So, do national elections help trigger this type of mass killing? To try to answer this question, I thought of elections as a kind of experimental “treatment” that some country-years get and others don’t. I used the National Elections Across Democracy and Autocracy (NELDA) data set to identify country-years since 1945 with national elections for chief executive or legislature or both, regardless of how competitive those elections were. I then used the MatchIt package in R to set up a comparison of country-years with and without elections within 107 groups that matched exactly on several other variables identified by prior research as risk factors for mass-killing onset: autocracy vs. democracy, exclusionary elite ideology (yes/no), salient elite ethnicity (yes/no), ongoing armed conflict (yes/no), any mass killing since 1945 (yes/no), and Cold War vs. post-Cold War period. Finally, I used conditional logistic regression to estimate the difference in risk between election and non-election years within those groups.

The results? In my data, mass-killing episodes were 80% as likely to begin in election years as non-election years, other things being equal. The 95% confidence interval for this association was wide (45% to 145%), but the result suggests that, if anything, countries are actually somewhat less prone to suffer onsets of mass killing in election years as non-election years.

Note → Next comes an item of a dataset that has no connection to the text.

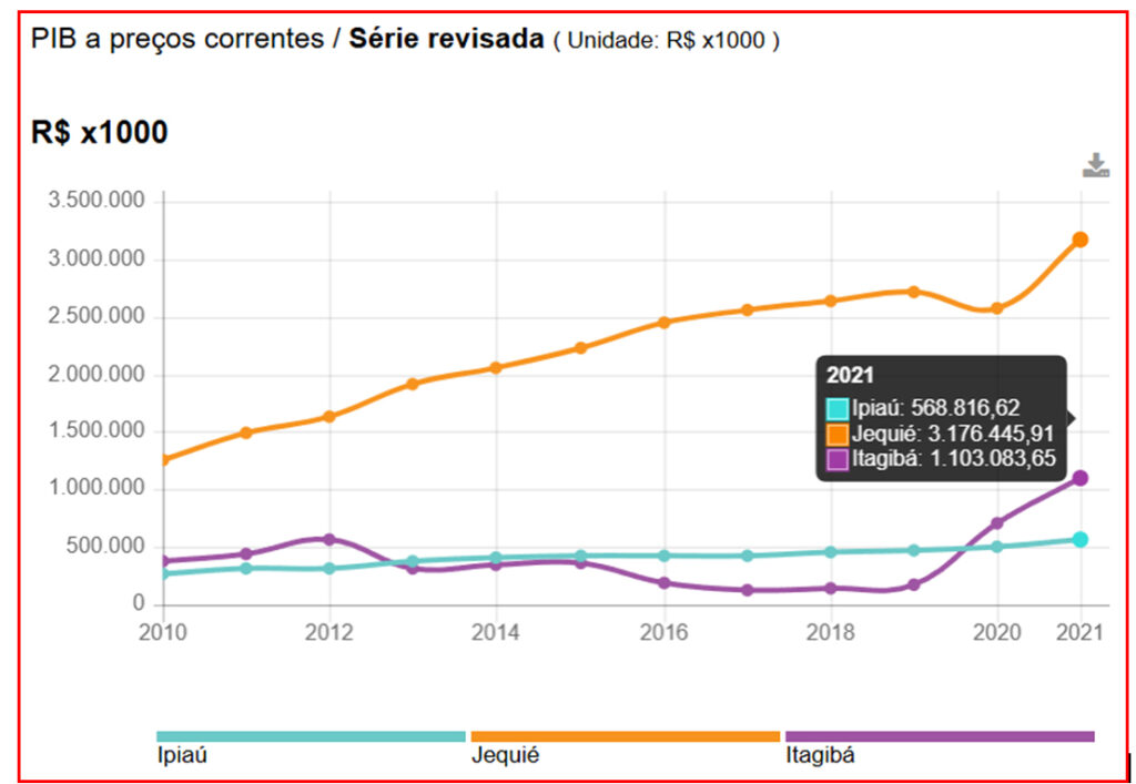 Entre 2010 e 2021, o gráfico mostra que Itagibá saiu de uma posição quase equivalente à de Ipiaú para ultrapassá-la expressivamente. Até 2014, os PIBs de ambos os municípios eram próximos, mas a curva de Itagibá ganhou força a partir de 2018, ultrapassando Ipiaú e continuando em ascensão. Enquanto isso, Jequié, maior cidade da região, seguiu como referência econômica, com um PIB de R$ 3,17 bilhões em 2021. Ainda que Jequié não enfrente concorrência direta de Itagibá ou Ipiaú, o desempenho de Itagibá é impressionante ao aproximar-se de um terço da economia jequieense.

I wondered if the risk might differ by regime type, so I reran the analysis on the subset of cases that were plausibly democratic. The estimate was effectively unchanged (80%, CI of 35% to 185%). Then I thought it might be a post-Cold War thing and reran the analysis using only country-years from 1991 forward. The estimate moved, but in the opposite of the anticipated direction. Now it was down to 60%, with a CI of 17% to 215%.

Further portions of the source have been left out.